Setelah beberapa tahun dilaksanakannya kebijakan blanket guarantee memang dapat menumbuhkan kembali kepercayaan masyarakat terhadap perbankan nasional. Tetapi mengingat risiko dari blanket guarantee sangat besar yakni kewajiban penyediaan dana talangan dan munculnya moral hazard bankir juga masyarakat, maka diperlukan suatu lembaga penjaminan simpanan yang independen.
C. FUNGSI LEMBAGA PENJAMIN SIMPANAN
2. Turut aktif dalam memelihara stabilitas sistem perbankan sesuai dengan kewenangannnya
D. TUGAS DAN WEWENANG LEMBAGA PENJAMIN SIMPANAN
1. Tugas Lembaga Penjamin Simpanan (LPS)
1. Merumuskan dan menetapkan kebijakan pelaksanaan penjaminan simpanan.

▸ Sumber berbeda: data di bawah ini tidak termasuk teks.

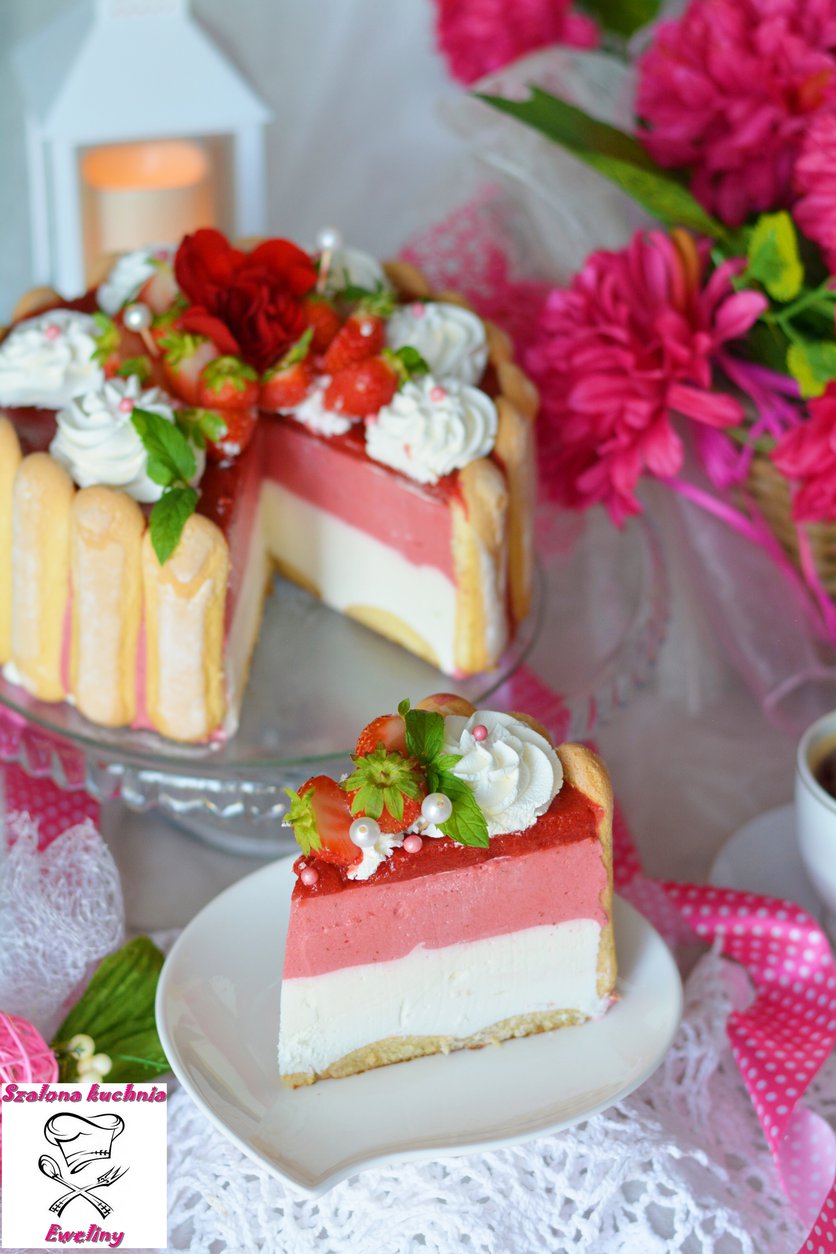Serowy torcik charlotte z truskawkami

2. Melaksanakan penjaminan simpanan.
3. Merumuskan dan menetapkan kebijakan dalam rangka turut aktif memelihara stabilitas
sistem perbankan.
4. Merumuskan, menetapkan, dan melaksanakan kebijakan penyelesaian Bank Gagal yang
tidak berdampak sistemik. Melaksanakan penanganan Bank Gagal yang berdampak
sistemik.
2. Wewenang Lembaga Penjamin Simpanan (LPS)
1. Menetapkan dan memungut premi penjaminan.

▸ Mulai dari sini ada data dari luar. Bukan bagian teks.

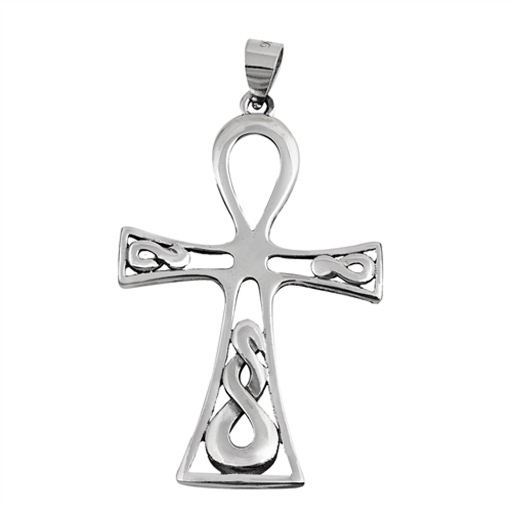 Sterling Silver Ornate Ankh Cross Pendant Loop Infinity Knot Open Charm 925 New
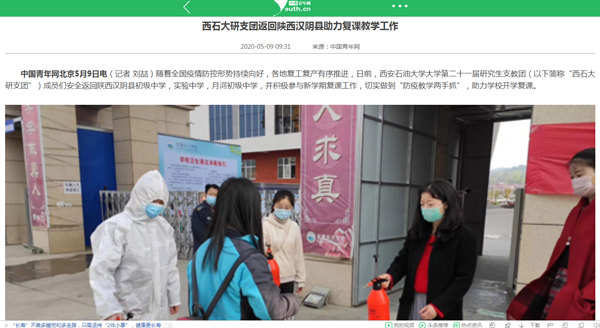 随着全国疫情防控形势持续向好,各地复工复产有序推进,日前,bat365中文官方网站大学第二十一届研究生支教团(以下简称“西石大研支团”)成员们安全返回陕西汉阴县初级中学,实验中学,月河初级中学,并积极参与新学期复课工作,切实做到“防疫教学两手抓”,助力学校开学复课。

2. Menetapkan dan memungut kontribusi pada saat bank pertama kali menjadi peserta.
3. Melakukan pengelolaan kekayaan dan kewajiban LPS.
4. Mendapatkan data simpanan nasabah, data kesehatan bank, laporan keuangan bank, dan
laporan hasil pemeriksaan bank sepanjang tidak melanggar kerahasiaan bank.

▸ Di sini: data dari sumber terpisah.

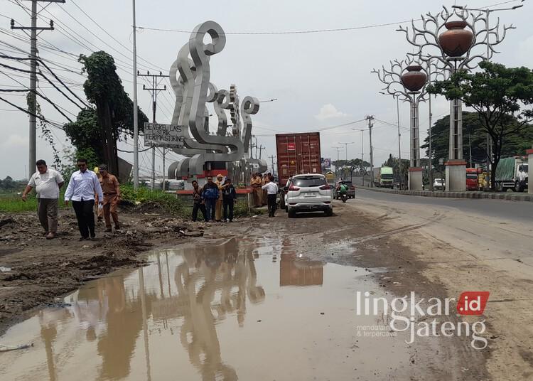 Kondisi jalan area perbatasan Kendal-Kota Semarang di Desa Sumberejo, Kecamatan Kaliwungu, Kabupaten Kendal, banyak lumpur yang membahayakan keselamatan pengendara, Senin, 12 Januari 2026. (Anik Kustiani/Lingkarjateng.id)

5. Melakukan rekonsiliasi, verifikasi, dan/atau konfirmasi atas data tersebut pada angka 4.
6. Menetapkan syarat, tata cara, dan ketentuan pembayaran klaim.
7. Menunjuk, menguasakan, dan/atau menugaskan pihak lain untuk bertindak bagi
kepentingan dan/atau atas nama LPS, guna melaksanakan sebagian tugas tertentu.
8. Melakukan penyuluhan kepada bank dan masyarakat tentang penjaminan simpanan.
9. Menjatuhkan sanksi administratif.
E. VISI, MISI, SERTA NILAI LEMBAGA PENJAMIN SIMPANAN
A. Visi Lembaga Penjamin Simpanan (LPS)
Menjadi lembaga yang terdepan, tepercaya, dan diakui di tingkat nasional dan internasional dalam menjamin simpanan nasabah dan melaksanakan resolusi bank untuk mendorong dan memelihara stabilitas sistem keuangan.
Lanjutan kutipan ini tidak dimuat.